Start of SUPPLIED MATERIAL

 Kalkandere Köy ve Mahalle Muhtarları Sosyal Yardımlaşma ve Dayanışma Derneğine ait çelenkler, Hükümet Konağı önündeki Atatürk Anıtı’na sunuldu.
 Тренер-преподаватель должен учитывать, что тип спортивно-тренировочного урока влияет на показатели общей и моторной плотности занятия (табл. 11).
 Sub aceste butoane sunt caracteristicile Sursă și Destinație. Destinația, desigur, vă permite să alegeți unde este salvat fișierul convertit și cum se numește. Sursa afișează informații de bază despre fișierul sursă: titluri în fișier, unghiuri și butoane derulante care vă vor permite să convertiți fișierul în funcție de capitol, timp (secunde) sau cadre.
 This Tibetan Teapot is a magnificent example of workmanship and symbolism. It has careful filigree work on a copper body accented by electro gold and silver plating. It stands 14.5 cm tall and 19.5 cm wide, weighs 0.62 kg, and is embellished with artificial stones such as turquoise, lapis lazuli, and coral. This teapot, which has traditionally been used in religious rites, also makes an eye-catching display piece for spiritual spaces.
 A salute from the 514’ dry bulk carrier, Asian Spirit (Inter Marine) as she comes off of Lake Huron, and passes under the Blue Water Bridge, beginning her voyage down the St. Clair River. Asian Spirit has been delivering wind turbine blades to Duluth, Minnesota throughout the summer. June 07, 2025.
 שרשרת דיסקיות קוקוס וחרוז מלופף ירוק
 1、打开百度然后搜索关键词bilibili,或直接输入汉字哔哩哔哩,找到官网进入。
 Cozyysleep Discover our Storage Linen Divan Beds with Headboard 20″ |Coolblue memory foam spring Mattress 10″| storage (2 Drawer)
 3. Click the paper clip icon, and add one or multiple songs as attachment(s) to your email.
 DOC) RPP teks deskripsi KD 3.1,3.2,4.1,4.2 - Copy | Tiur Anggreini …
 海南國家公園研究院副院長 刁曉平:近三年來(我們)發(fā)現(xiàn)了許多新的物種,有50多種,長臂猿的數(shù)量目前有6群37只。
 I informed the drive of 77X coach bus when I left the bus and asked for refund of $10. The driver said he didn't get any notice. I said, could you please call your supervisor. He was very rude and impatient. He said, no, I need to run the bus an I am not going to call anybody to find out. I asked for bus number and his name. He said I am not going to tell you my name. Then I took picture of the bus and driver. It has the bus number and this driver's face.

End of SUPPLIED MATERIAL

WORK TO BE COMPLETED -> Using the records given above, list every line that includes the word "been".

SOLUTION TO THE PROBLEM ->
 This Tibetan Teapot is a magnificent example of workmanship and symbolism. It has careful filigree work on a copper body accented by electro gold and silver plating. It stands 14.5 cm tall and 19.5 cm wide, weighs 0.62 kg, and is embellished with artificial stones such as turquoise, lapis lazuli, and coral. This teapot, which has traditionally been used in religious rites, also makes an eye-catching display piece for spiritual spaces.
 A salute from the 514’ dry bulk carrier, Asian Spirit (Inter Marine) as she comes off of Lake Huron, and passes under the Blue Water Bridge, beginning her voyage down the St. Clair River. Asian Spirit has been delivering wind turbine blades to Duluth, Minnesota throughout the summer. June 07, 2025.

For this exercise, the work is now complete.